ABOUT THIS TASK: Exact copy, pictures excluded: write out every line below.

PROVIDED DATA:

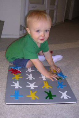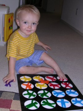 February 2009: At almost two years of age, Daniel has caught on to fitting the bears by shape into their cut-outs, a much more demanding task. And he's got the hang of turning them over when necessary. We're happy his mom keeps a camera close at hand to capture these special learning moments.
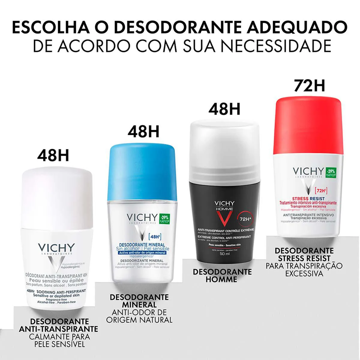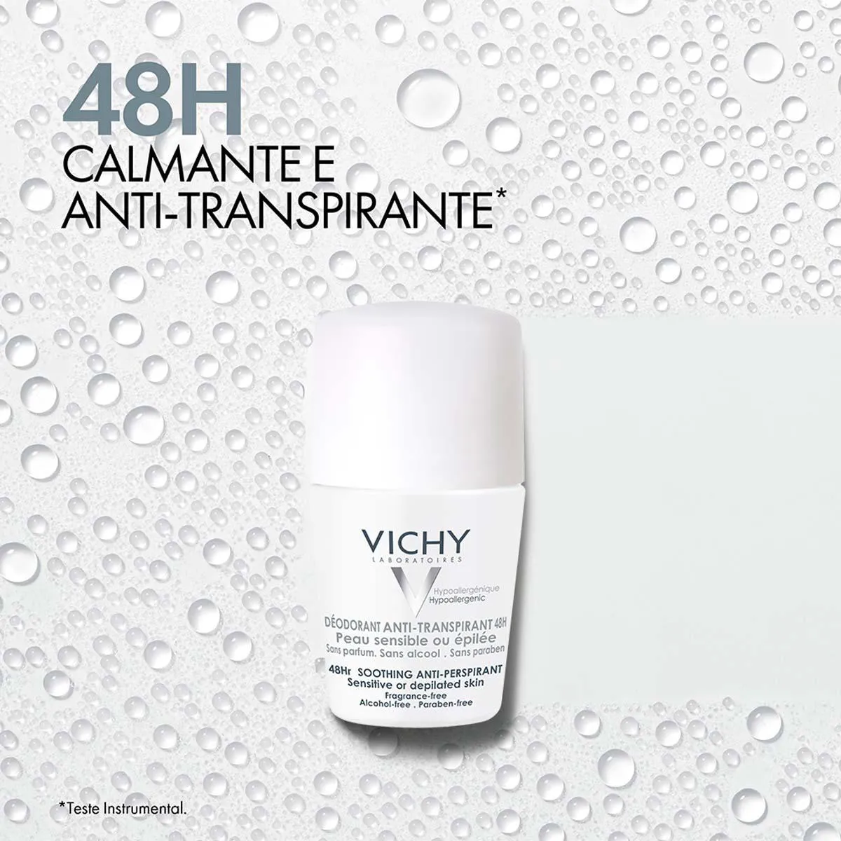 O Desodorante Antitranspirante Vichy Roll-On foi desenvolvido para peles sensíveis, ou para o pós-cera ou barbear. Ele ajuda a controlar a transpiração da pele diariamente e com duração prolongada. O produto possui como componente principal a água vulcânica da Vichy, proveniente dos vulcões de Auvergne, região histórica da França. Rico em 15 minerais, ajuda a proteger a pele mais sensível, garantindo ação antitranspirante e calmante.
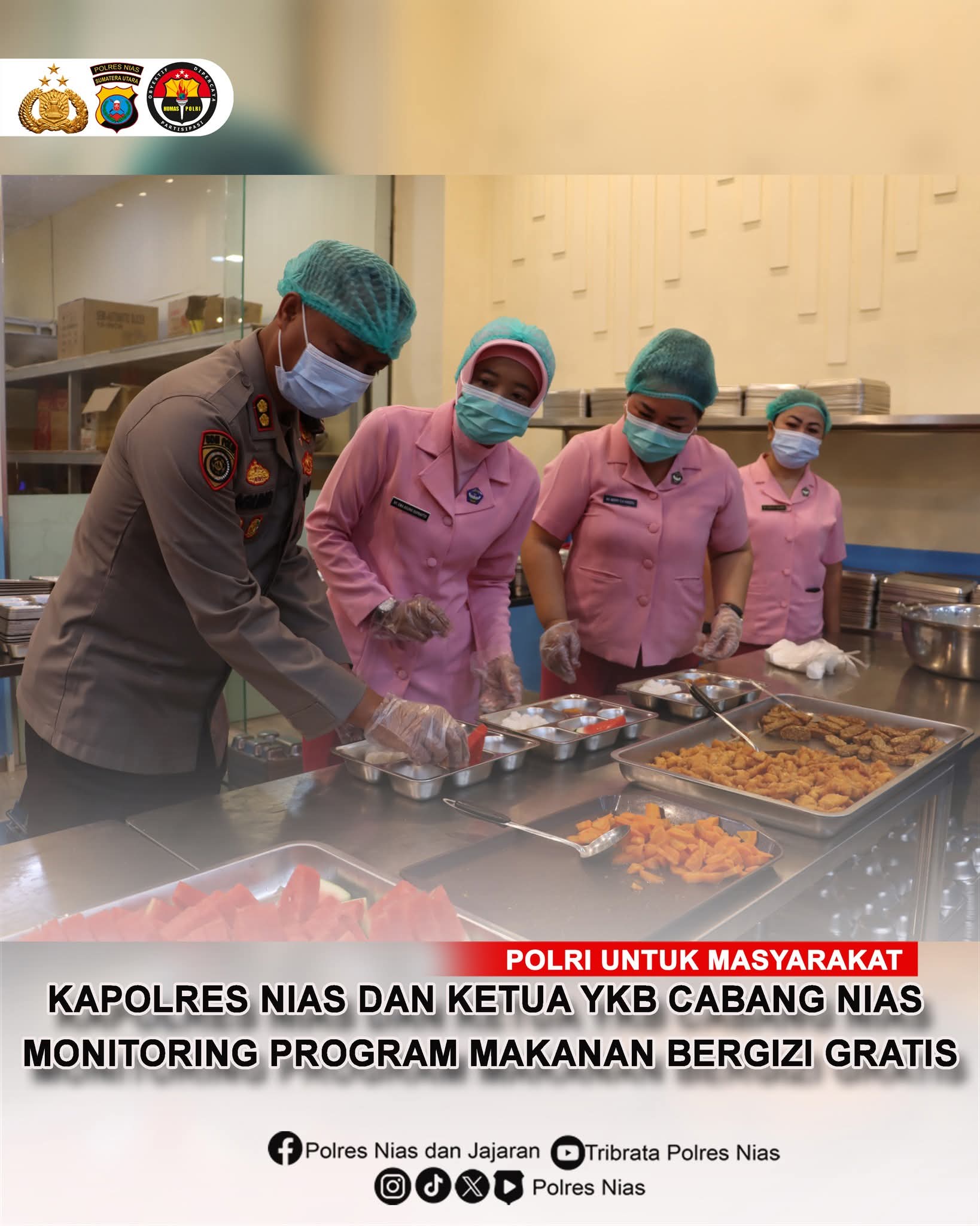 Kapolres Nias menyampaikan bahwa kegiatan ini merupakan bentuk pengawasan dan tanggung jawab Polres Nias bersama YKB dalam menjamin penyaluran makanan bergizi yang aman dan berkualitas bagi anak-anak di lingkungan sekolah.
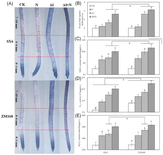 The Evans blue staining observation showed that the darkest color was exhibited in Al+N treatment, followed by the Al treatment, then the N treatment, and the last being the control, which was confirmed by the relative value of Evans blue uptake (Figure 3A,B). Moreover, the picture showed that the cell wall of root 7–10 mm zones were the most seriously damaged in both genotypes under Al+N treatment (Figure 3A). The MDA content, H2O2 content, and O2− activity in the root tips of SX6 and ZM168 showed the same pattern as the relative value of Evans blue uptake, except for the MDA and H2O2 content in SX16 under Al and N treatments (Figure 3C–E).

SOLUTION:
 February 2009: At almost two years of age, Daniel has caught on to fitting the bears by shape into their cut-outs, a much more demanding task. And he's got the hang of turning them over when necessary. We're happy his mom keeps a camera close at hand to capture these special learning moments.
 O Desodorante Antitranspirante Vichy Roll-On foi desenvolvido para peles sensíveis, ou para o pós-cera ou barbear. Ele ajuda a controlar a transpiração da pele diariamente e com duração prolongada. O produto possui como componente principal a água vulcânica da Vichy, proveniente dos vulcões de Auvergne, região histórica da França. Rico em 15 minerais, ajuda a proteger a pele mais sensível, garantindo ação antitranspirante e calmante.
 Kapolres Nias menyampaikan bahwa kegiatan ini merupakan bentuk pengawasan dan tanggung jawab Polres Nias bersama YKB dalam menjamin penyaluran makanan bergizi yang aman dan berkualitas bagi anak-anak di lingkungan sekolah.
 The Evans blue staining observation showed that the darkest color was exhibited in Al+N treatment, followed by the Al treatment, then the N treatment, and the last being the control, which was confirmed by the relative value of Evans blue uptake (Figure 3A,B). Moreover, the picture showed that the cell wall of root 7–10 mm zones were the most seriously damaged in both genotypes under Al+N treatment (Figure 3A). The MDA content, H2O2 content, and O2− activity in the root tips of SX6 and ZM168 showed the same pattern as the relative value of Evans blue uptake, except for the MDA and H2O2 content in SX16 under Al and N treatments (Figure 3C–E).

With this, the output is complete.